I have been given a task to produce a set design which is based on the film called, "Little Shop of Horrors." As the set design is very important within theatres I am expected to create a stage which meets all of the requirements of the film as well as 1950's New York. During the process of organising an outstanding stage for an audience, I will be noting down key aspects of my planning. This includes the production of the design and as much research as possible. Also, it is essential to communicate with all members of my group and sharing new ideas. I will ensure that my ideas are original and I am asking opinions from my teacher and client. I am looking forward to creating an exciting design for the stage and an outcome I can proudly reflect on.

Thursday, 25 November 2010

Stage Terms

Stage blocking- Decided by the director, they assist actors where they should be positioned on a stage. These instructions benefit the performance as the actors are aware which movement to undertake. This makes sure the stage does not become too overcrowded.
Sightlines- The audience must be able to see every part of the stage from eye level whether they are seated in the centre or side. A good sightline determines the viewers will see all areas of the stage. 
Stage Directions- The director must make sure the sightlines for the audience are clear at all angles while positioning actors. These directions should be noted in their scripts as they should be memorized.

The terms are directed facing from the audience view. Therefore, if actors are told to move to the right they will move to the left as this is the right side for the audience.
Upstage: moving away from the audience, towards the back of the stage.
Downstage: Moving towards the audience, towards the front of the stage.
Stage Right: Moving towards the actors left but viewer’s right (facing the audience)
Stage Left: Moving towards the actor’s right but viewer’s left (facing audience). 

It is highly beneficial for actors to learn these theatrical terms as it saves time for the director to regularly point out where they want the actors positioned. It also helps the actors experience to behave and think professionally in the theatrical environment.
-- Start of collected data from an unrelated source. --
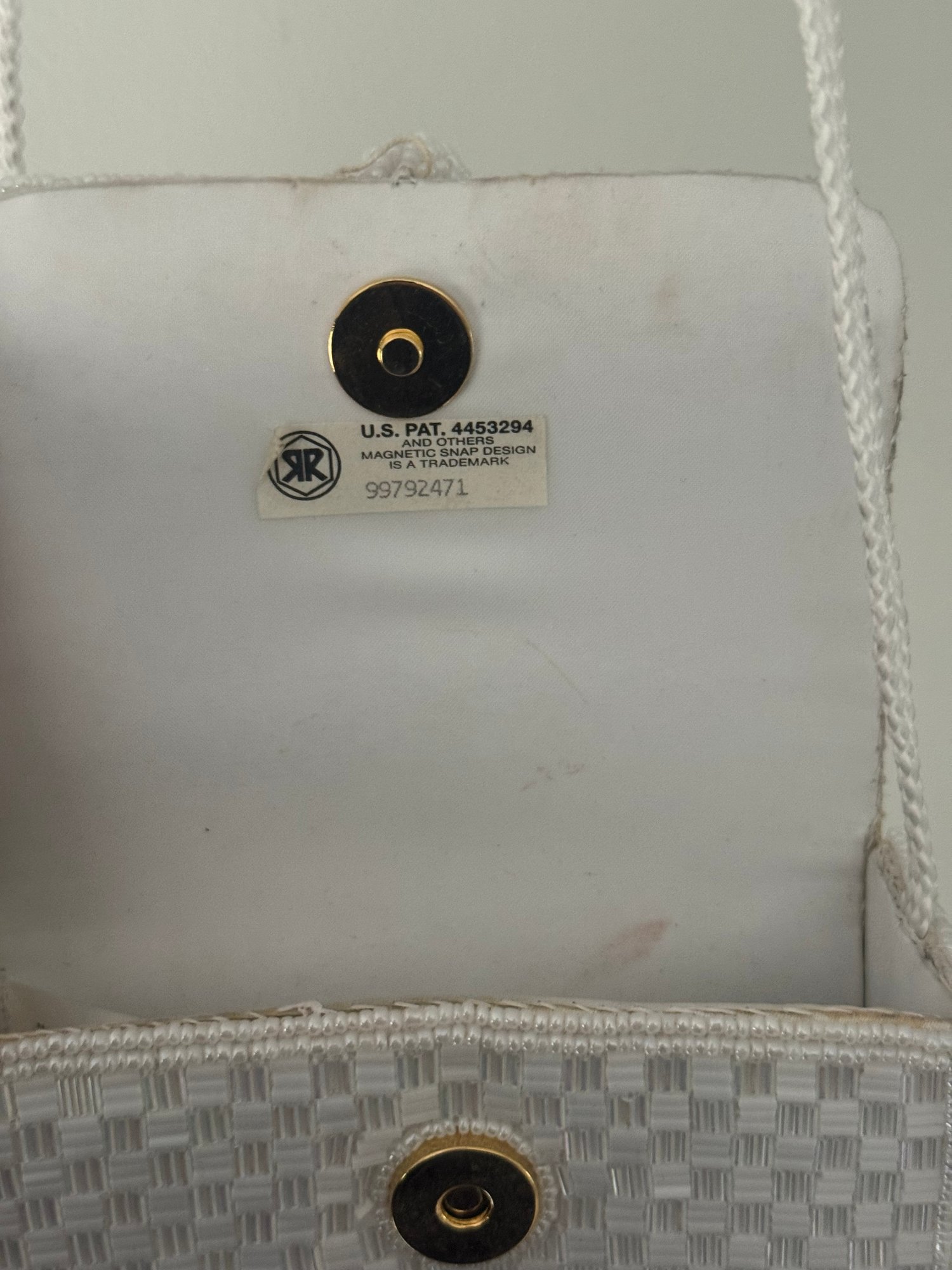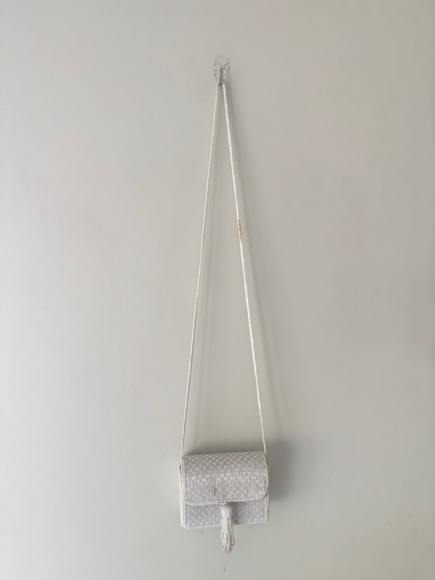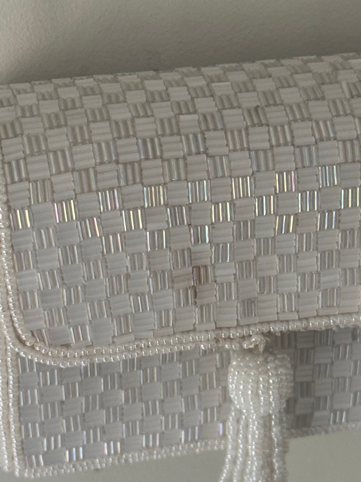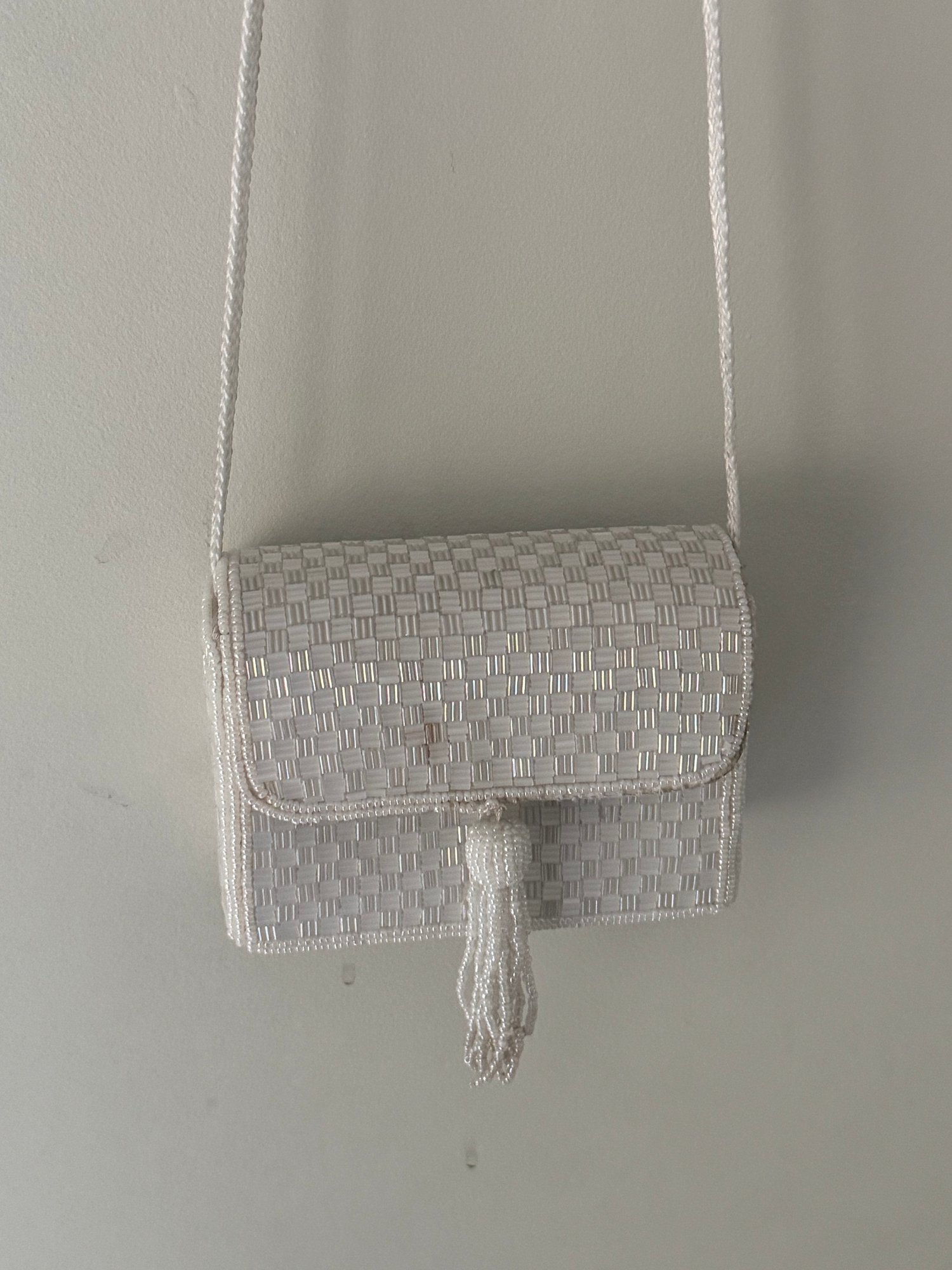 Style: White Beaded crossbody bag with button closure.
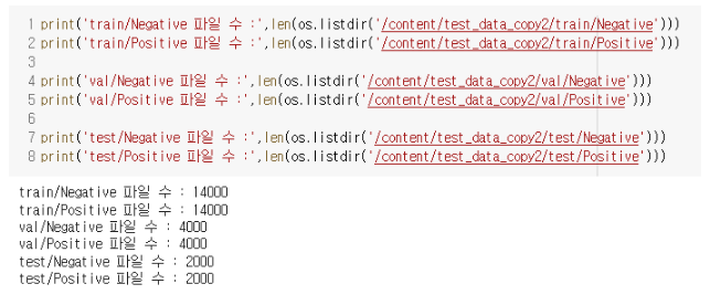 각 디렉토리 파일 개수를 확인해보니 fixed 첫번째 인자로 넣어준 값이 validation, 두번째가 test의 파일 갯수를 의미하고 나머지는 자연스럽게 train으로 할당되었습니다.
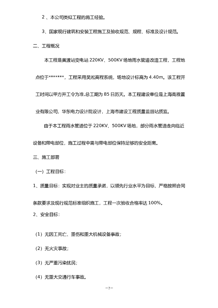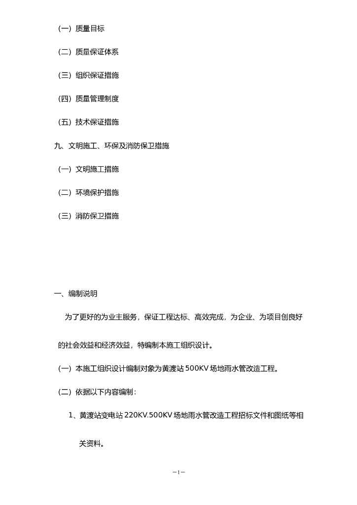 黄渡站变电站220KV、500KV场地雨水管道改造工程(Word.24页).doc
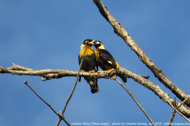 - 06:00 - 08:00 - When the sunlight brightens the sky, birds begin to show up on the branches of trees. We will use spotting scope to watch them. We will look for such birds as Sulphur-crested Cockatoo, Eclectus Parrot, Palm Cockatoo, Blyth's Hornbill, Coconut Lorikeet, Black Lory, Yellow-faced Myna, Golden Myna, Helmetted Friarbird, Black-browed Triller, Rufous-bellied Kookaburra, Pacific Baza, Sahul Sunbird, Black Sunbird, White-bellied Cuckooshrike, Pinon Imperial pigeon. We will walk along the roadside to watch them. In general, we spend around 2 hours doing the birdwatching walk.
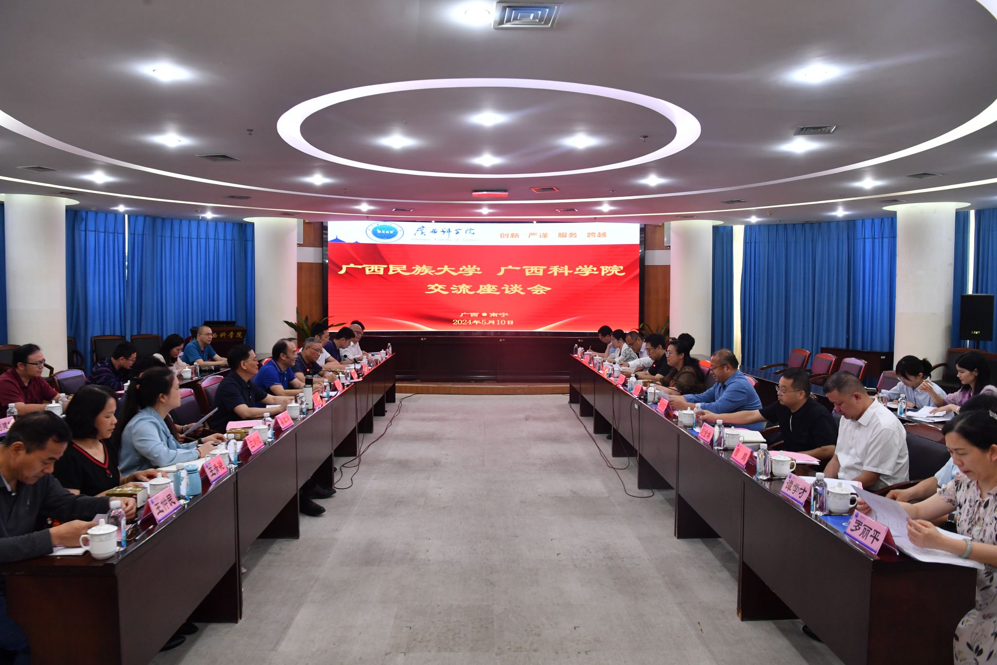 5月10日下午,校长韦仕珍带队到广西科学院开展战略合作会谈,广西科学院党组书记、院长元昌安会见韦仕珍一行。副校长姜明国、高兴宇,广西科学院党组成员、副院长吕郁彪、黄志民等参加座谈。
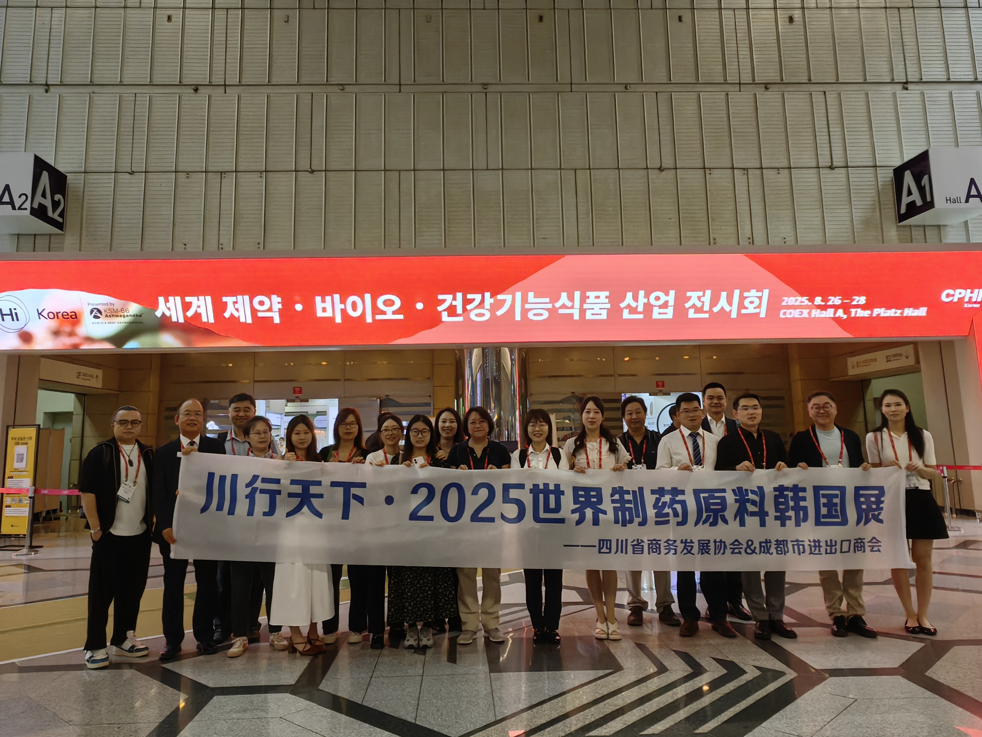为贯彻落实四川省商务厅“川行天下”政策,助力我省医药企业拓展国际舞台,我会在省商务厅和市商务局的指导与大力支持下成功组织省内医药领域企业,参加了于8月26日至28日在韩国COEX首尔会议中心举办的“世界制药原料韩国展”。本次展会与韩国国际健康产品原料展(Hi Korea)携手同台,实现了双展联动,为我省企业开辟东亚市场,打造了一场集食品、健康、天然、医药原料于一体的国际采购盛宴。

Safety is number one priority and should be thoroughly checked before any performance:

  • Only harmless rubber props such as swords, guns and knives should be used. NEVER use real weapons. 
  • Sound effects for gun shots is required. Some professional prop guns may cause harm.
  • Real fire should never be used on stage. Glowing light or glittering torch behind creative craft materials are used as alternatives.
  • Stage fights must remain 100% harmless. They must be professionally practised stunts.
  • As exciting as smoke effects may be, it should be minimized as even professionally stage equipment can create irrational mist to the performers. 
  • Finally, ensure all props are solid and safe. Heavy objects that are able to  come apart will cause harm and embarrassment!